Full-Length, Debemur Morti Productions 
(2020) 

Dalle sfere più abissali del subconscio, laddove la psiche genera visioni spaventose nelle tenebre della notte ridestando dal torpore gli spettri più inquietanti che abitano lo strato più profondo dell'anima, ha origine Akhlys, side-project di Naas Alcameth (già cantante e polistrumentista dei Nightbringer e dei Bestia Arcana), che in questa veste si fa narratore dei suoi stessi incubi dando voce ai propri demoni interiori e forma ai propri deliri notturni. Il progetto, composto anche dal batterista Ain, prende forma nel 2009 nei pressi delle cascate della Green Mountain, nella parte settentrionale del Colorado, e propone un dark ambient claustrofobico dalle atmosfere oppressive che sembra raccontare la follia della mente umana in un crescendo di angoscia e di paraonia, che trova nell'ottimo debutto "Supplication" una riuscitissima espressione. Il nome della band rimanda alla terrificante divinità della mitologia greca Acli, personificazione della tristezza e della disperazione ed incarnazione della notte eterna che precede il caos, raffigurata come un'anziana donna estremamente magra e pallida, dalla guance insanguinate e dalla corporatura cadaverica; costei è la dea dei veleni, rappresentante della nebbia funebre che si mostra nel suo aspetto orripilante a coloro che sono prossimi alla morte, comparendo nei loro incubi come segno di presagio nefasto. 
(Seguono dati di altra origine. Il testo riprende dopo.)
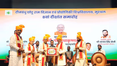 In a post on X, VP said, "Graced the 8th Convocation of Deenbandhu Chhotu Ram University of Science & Technology in Murthal, Haryana today. Congratulating the graduates, the Vice President noted with pride that 64% of gold medal winners are women, reflecting the positive impact of initiatives like Beti Bachao Beti Padhao. He urged students to embrace emerging technologies, contribute to nation-building, and work towards the vision of Viksit Bharat under the leadership of Prime Minister Narendra Modi."
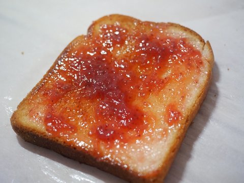 한면에 딸기잼 바르고

Nel 2015 viene rilasciato il secondo lavoro "The Dreaming I", superbo rappresentante del black metal moderno più oscuro e disturbante, che riprende la componente ambient dell'esordio plasmandola con una ferocia ai limiti dell'inverosimile e facendosi colonna sonora del terrore notturno più angosciante, attraverso la narrazione di visioni oniriche raccapriccianti di creature immonde e infiniti abissi di vuoto cosmico. Tre anni più tardi entrano a far parte del progetto in un colpo solo i chitarristi Nox Corvus (coofondatore dei già citati Nightbringer insieme allo stesso Alcameth) e Josh Perrin, il bassista Cody J. Tyler ed Eoghan, che prende il posto ad Ain dietro le pelli; con questa nuova formazione esce il terzo lavoro "Merinoë", rilasciato sotto la francese Debemur Morti Productions, che prosegue la catena orrorifica del progetto evolvendone il sound verso melodie ancor più disturbanti, talvolta al confine con l'industrial, che si inseriscono all'interno di una ragnatela di blast-beat e accelerazioni veementi che si placano solo laddove rifioriscono le atmosfere claustrofobiche degli esordi. La nuova formula da cinque elementi rende le linee musicali ben più massicce e definite, generando una muraglia musicale ipnotica che fonde ogni strumento con estrema precisione, riuscendo tuttavia ad opprimere l'ascoltatore con sonorità caotiche e indefinite che sembrano provenire da tenebrosi mondi sotterranei, a cavallo tra la realtà e gli abissi spaventosi dell'inconscio. Il sound è ansiogeno, per lunghi tratti onirico al limite del sopportabile, e giunge all'orecchio oscuro e terrificante in ogni sua nota e in ogni suo lamento, guidato da una batteria furente, da chitarre gelide e taglienti che cavalcano atmosfere invalidanti e da uno scream demoniaco acutissimo, impietoso narratore delle ombre più spaventose dell'anima.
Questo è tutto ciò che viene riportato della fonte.